Each line of data below is to be returned exactly, leaving out any picture.

▶ _Provided data_

==============================

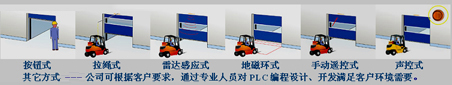 标准按钮带急停开关的按钮盒,并可另选:雷达感应 /地磁环感应/拉绳开关/遥控开启等方式。
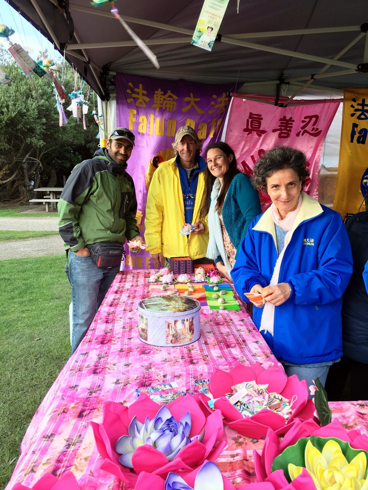 协调这次活动的西人法轮功学员佩塔说:“一位女士建议我们在当地开办教功讲座,并提供了社区礼堂的联系人和联系电话,当地学校的美术老师,也准备邀请学员去学校教孩子们叠莲花。”
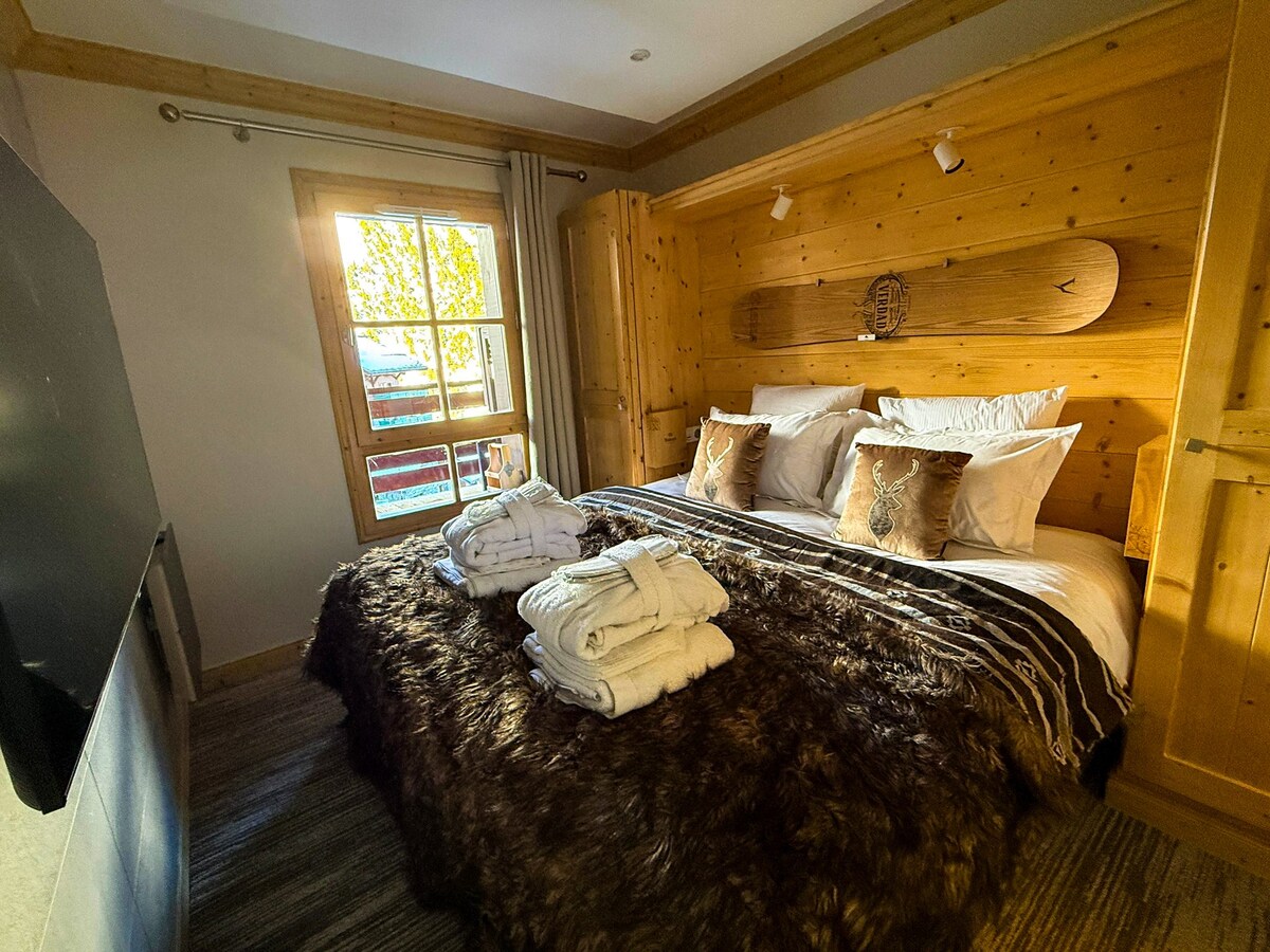 Auberge Jérôme, 57m2 prestations très haut de gamme, niveau réception, secteur très calme, vue montagne degagée. Capacité 6 personnes .1 chb lit Queen size +TV , 1 chb 2 lits adultes simples +TV , salon TV avec convertible 2 places 140x200 . Cuisine équipée.1 SDB + baignoire+ lave linge séchant+WC. 1 SdE avec douche et lavabo. 1 WC séparé. Ski in, ski out. Piscine Chauffée dans résidence. Wifi. Peignoirs , chaussons ,serviettes fournies. Lits et ménage faits à l'arrivée. Pack de bienvenue.
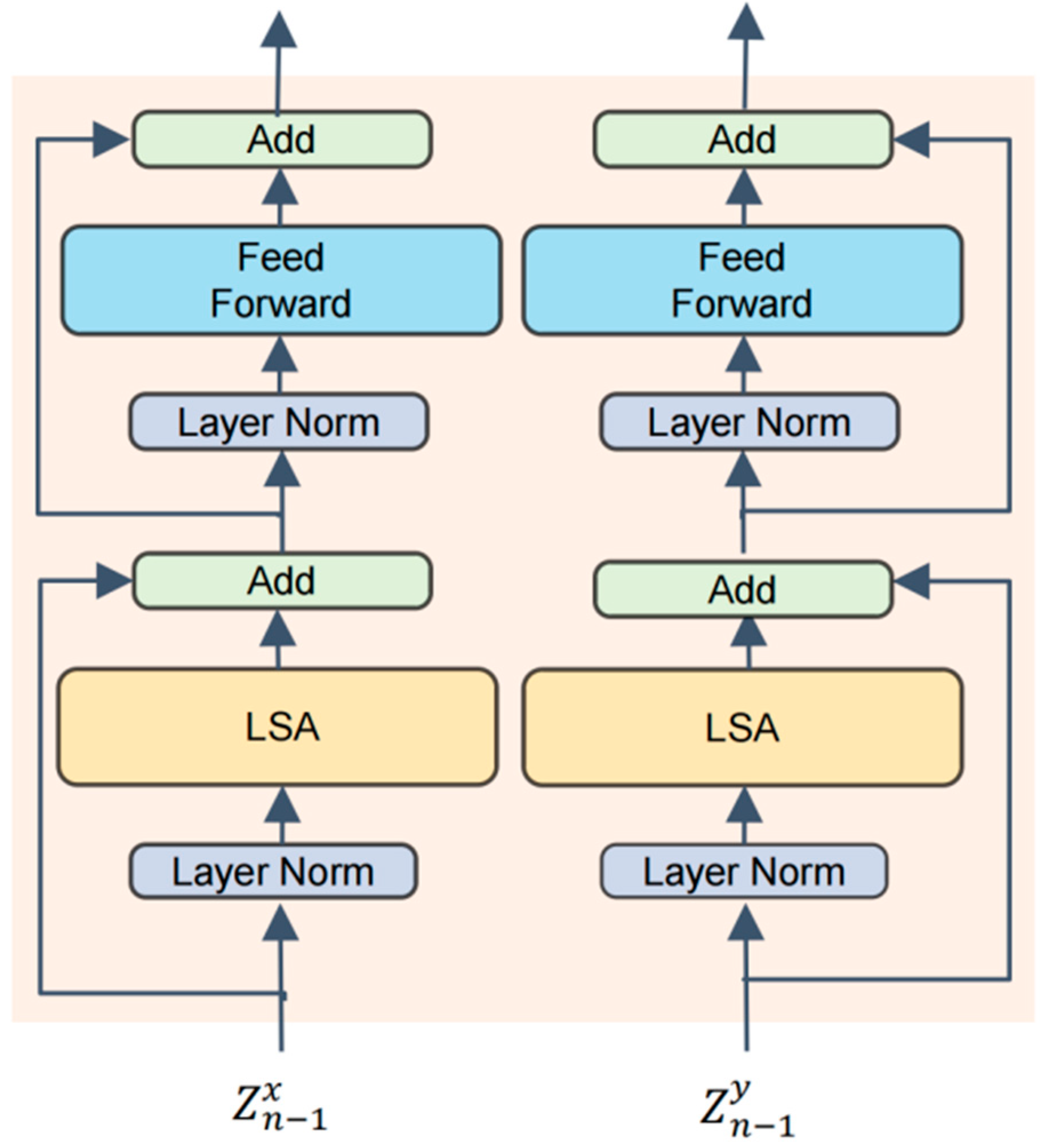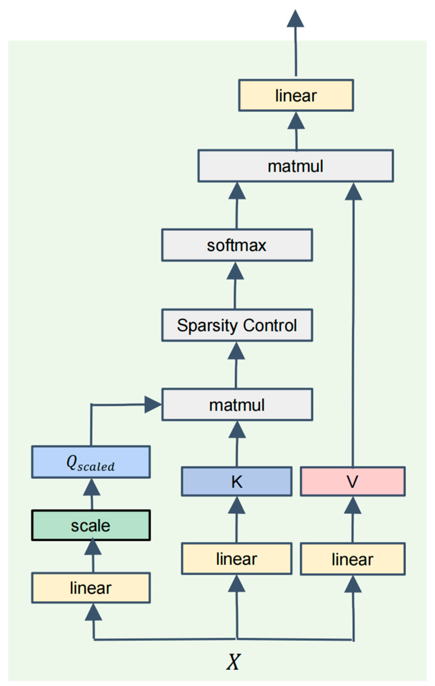 The LSA block extends the standard Transformer self-attention layer by introducing a learnable sparsity mechanism, which reduces redundant attention computations and improves efficiency. Its overall structure is illustrated in Figure 3, and the internal computation flow (Q/K/V projection, sparse attention, and output projection) is summarized in Figure 4.

==============================

▶ _Reply to the task_
 标准按钮带急停开关的按钮盒,并可另选:雷达感应 /地磁环感应/拉绳开关/遥控开启等方式。
 协调这次活动的西人法轮功学员佩塔说:“一位女士建议我们在当地开办教功讲座,并提供了社区礼堂的联系人和联系电话,当地学校的美术老师,也准备邀请学员去学校教孩子们叠莲花。”
 Auberge Jérôme, 57m2 prestations très haut de gamme, niveau réception, secteur très calme, vue montagne degagée. Capacité 6 personnes .1 chb lit Queen size +TV , 1 chb 2 lits adultes simples +TV , salon TV avec convertible 2 places 140x200 . Cuisine équipée.1 SDB + baignoire+ lave linge séchant+WC. 1 SdE avec douche et lavabo. 1 WC séparé. Ski in, ski out. Piscine Chauffée dans résidence. Wifi. Peignoirs , chaussons ,serviettes fournies. Lits et ménage faits à l'arrivée. Pack de bienvenue.
 The LSA block extends the standard Transformer self-attention layer by introducing a learnable sparsity mechanism, which reduces redundant attention computations and improves efficiency. Its overall structure is illustrated in Figure 3, and the internal computation flow (Q/K/V projection, sparse attention, and output projection) is summarized in Figure 4.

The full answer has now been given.